Optimal rates for density and mode estimation with expand-and-sparsify representations
Kaushik Sinha, Christopher Tosh
TL;DR
This work studies expand-and-sparsify representations, where a dense input is projected to a high-dimensional space and sparsified to a $k$-sparse binary vector, for non-parametric density and mode estimation on ${\mathcal{S}}^{d-1}$. It introduces a linear-in-representation density estimator ${\hat f}_n$ derived from random projections and a sparse mask, and proves minimax-optimal $\ell_{\infty}$ rates $O\left((\log n / n)^{\frac{\beta}{2\beta+(d-1)}}\right)$ for $L,\beta$-smooth densities, with matching lower bounds. For mode estimation, simple algorithms atop the density estimator recover a unimodal mode at rate $\tilde{O}\left(n^{-1/(d+3)}\right)$ and, under mild separation, recover salient modes with the same rate up to logarithmic factors in the multi-modal setting. Empirical results on mixtures of von Mises-Fisher distributions illustrate the method’s behavior relative to KDE and kNN-based density estimators as expansion increases. Overall, the paper provides a novel algorithmic bridge between sparse, high-dimensional representations and classical non-parametric estimation, offering minimax-optimal guarantees and practical procedures on spherical data.
Abstract
Expand-and-sparsify representations are a class of theoretical models that capture sparse representation phenomena observed in the sensory systems of many animals.

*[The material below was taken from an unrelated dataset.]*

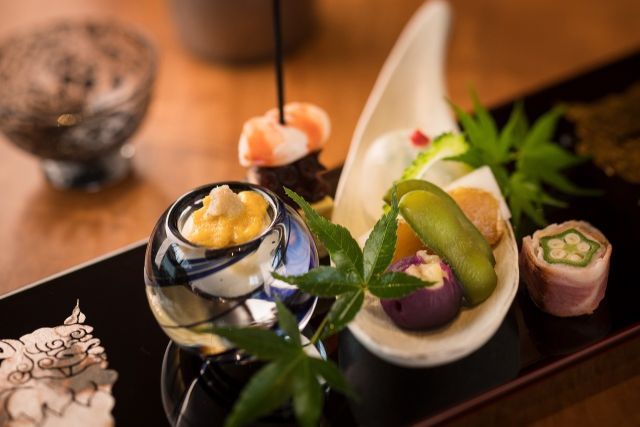 店内に足を踏み入れると、壁一面のガラスの向こういっぱいに広がる空と海、そして山。3つの美しい碧が優しくあなたを出迎えてくれます。 お寿司、会席料理、しゃぶしゃぶの3種類の日本料理からコースを選択することができます。雑味のない上質な肉質が特徴の又吉アグーや沖縄そばなど、沖縄でしか味わえない食材や料理をぜいたくに組み合わせたここでしか食べることができない創作日本料理をお楽しみください。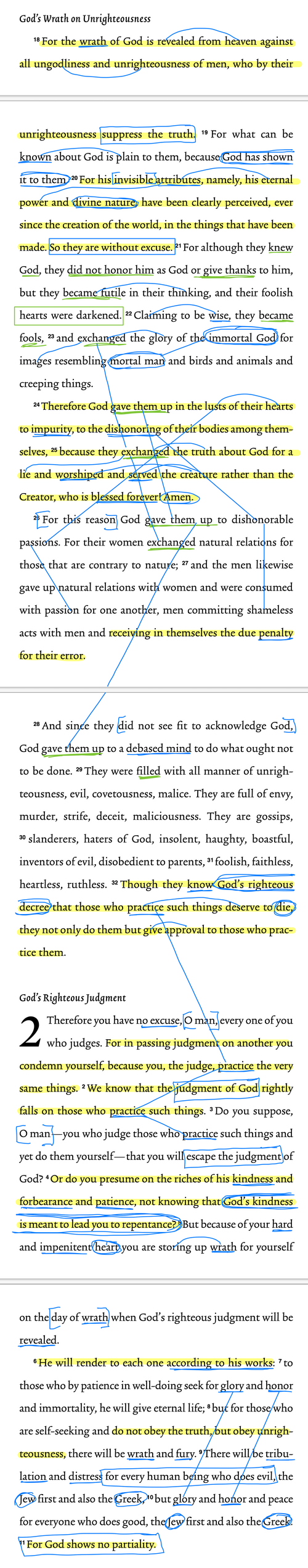 Paul's discourse from Romans 1:18 through 2:11 is a powerful reminder of God's judgment, absolute righteousness, and impartiality. It underscores the necessity of godly living, the dangers of hypocrisy, and the ultimate consequences of individual actions on one's spiritual destiny.

At a high level, these representations map an input $x \in \mathbb{R}^d$ to a much higher dimension $m \gg d$ via random linear projections before zeroing out all but the $k \ll m$ largest entries. The result is a $k$-sparse vector in $\{0,1\}^m$. We study the suitability of this representation for two fundamental statistical problems: density estimation and mode estimation. For density estimation, we show that a simple linear function of the expand-and-sparsify representation produces an estimator with minimax-optimal $\ell_{\infty}$ convergence rates. In mode estimation, we provide simple algorithms on top of our density estimator that recover single or multiple modes at optimal rates up to logarithmic factors under mild conditions.